When the guru is more distant and not so open, all the infighting goes on in the background, if it goes on at all, and few have any sense it is even happening except for a felt sense that a certain situation is odd.
The spiritual process is one of constant deconstructing of one’s ego and belief systems and a progressive surrender to the teacher, once you realize that you and the teacher are not separate from the overall process of consciousness “evolving” in and through you.  In fact, spiritual “progress” is surrendering to the process of losing what inhibits your awakening, and this is extremely painful and frightening, for example, to let go of your concept of the perfect guru, or how the spiritual process should look.
Many students want the teacher to create a situation where it is easy to wake up, but in fact, it is up to the student to do the work, to practice self-inquiry on why the feelings of wanting to run away are coming up.  “Why do they come to me,” one should ask.  Why am I so angry with the teacher?
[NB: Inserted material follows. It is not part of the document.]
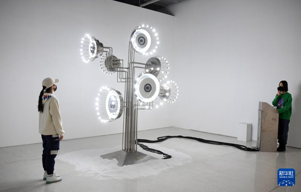 12月14日,在北京时代美术馆,观众参观“向光而行”新媒体艺术展。

Why do I feel hatred towards X, Y and Z?  What is my part in all this?  Why do I believe X but not the teacher, or why do I believe the teacher and not X?
The source of the need to run away is in you, why do you run?  Can you just stay with the feelings and not run or not create stories to justify the urge to run or strike out?
You see, in our Sangha, like with Robert’s, or Ramana’s, or with Nisargadatta, most people are just passing through.  So don’t worry about what is wrong with the teacher or with the Sangha, because Consciousness is directing everything. You, Robert and I are just small cogs in an unlimited, infinite unfolding of consciousness, and all of our “huge” problems are not even pimples to God.
Yet, because of the apparent hugeness of our problems, we do not trust the unfolding process, and when our problems are not solved, we often fixate on the teacher’s failures that has caused us not to progress and go free. It becomes his fault, not ours or that of Consciousness itself; it becomes the Sangha’s fault, not ours or that of Consciousness itself, and the role assigned to us by the grand unfolding. We make up stories that block our own self-inquiry and deepening, then we run away from the cooking we ourselves are creating in association with God and guru.
The chaos and cooking people experienced at Robert’s Sangha had little to do with Robert. He was just the apparent figurehead. 
Only four stayed for the entire 8 years with Robert, and Robert was always looking for those who stayed by him, mostly the quiet ones, who spent much time looking into themselves, reading the transcripts, meditating, or wanting to spend time with the teacher, and surrendering to the process of the unfolding of consciousness through him or her, which the mind cannot see, but the heart can directly intuit, minute by minute.